* [Data]:
►

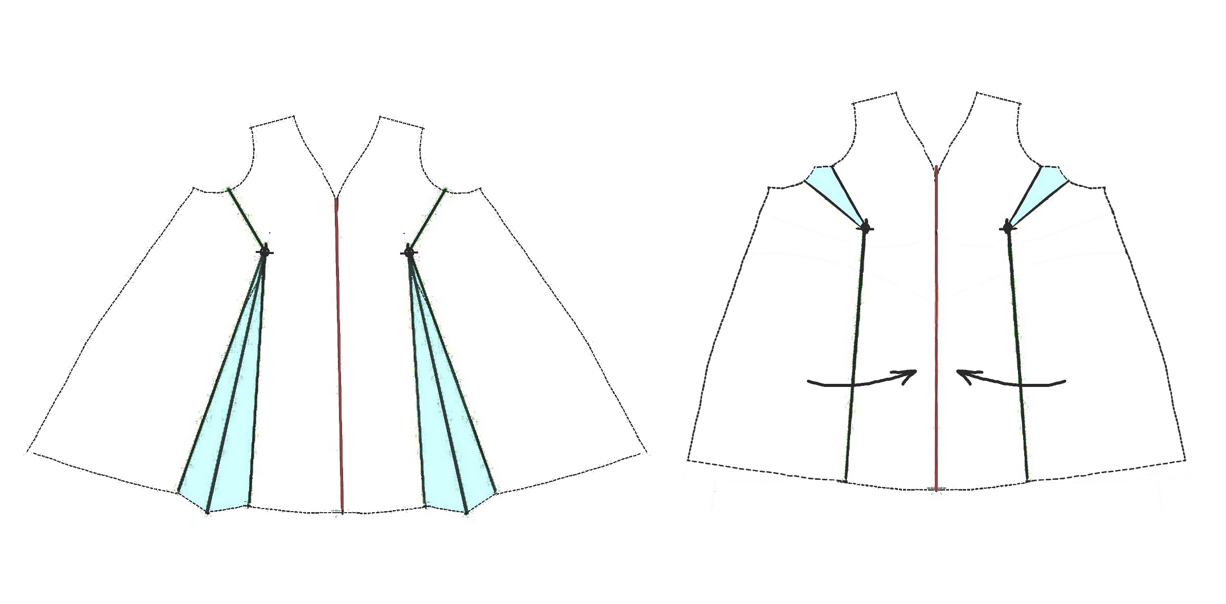Use dart manipulation to move the dart take-up from the lower skirt to the armscye, pivoting at the “bust apex” (nipple).
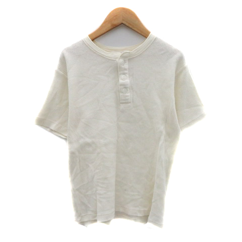 【中古】BEAUTY&YOUTH ビューティー&ユース カットソー 半袖 ヘンリーネック ワッフル生地 S オフホワイト メンズ
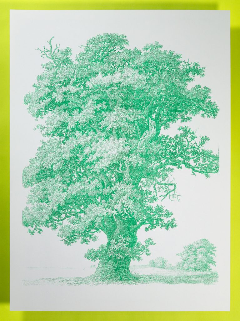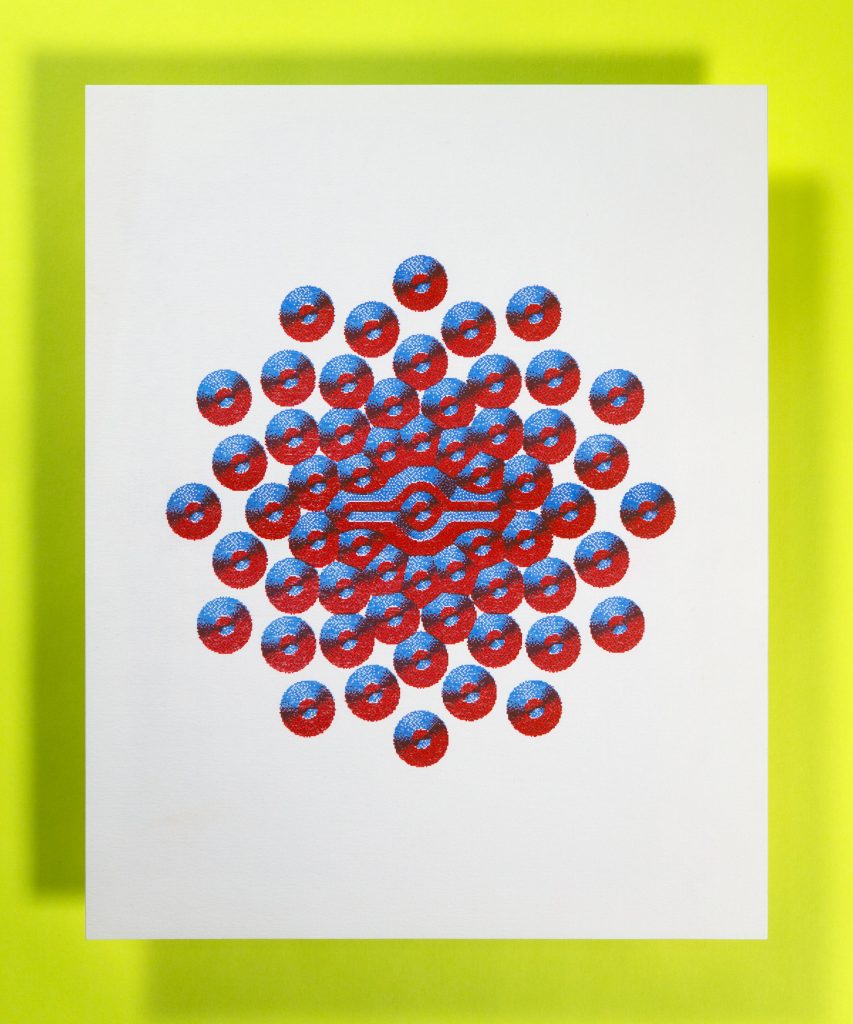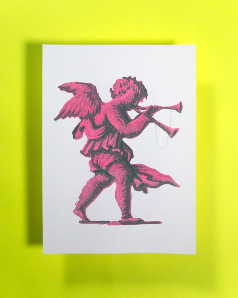 We have carefully chosen our initial color set to maximize the amount of CMYK-adjacent color combos available. We like to print with 3 colors because it’s fun to blend these Riso inks, but if you want the most contrast or need legible text, we recommend adding black as well. Message us and we’ll help you get set up with exactly what you need for your print job.

◄

* [Exercise goal]:
Restate every line above exactly, omitting images.

* [Answer for this exercise]:
Use dart manipulation to move the dart take-up from the lower skirt to the armscye, pivoting at the “bust apex” (nipple).
 【中古】BEAUTY&YOUTH ビューティー&ユース カットソー 半袖 ヘンリーネック ワッフル生地 S オフホワイト メンズ
 We have carefully chosen our initial color set to maximize the amount of CMYK-adjacent color combos available. We like to print with 3 colors because it’s fun to blend these Riso inks, but if you want the most contrast or need legible text, we recommend adding black as well. Message us and we’ll help you get set up with exactly what you need for your print job.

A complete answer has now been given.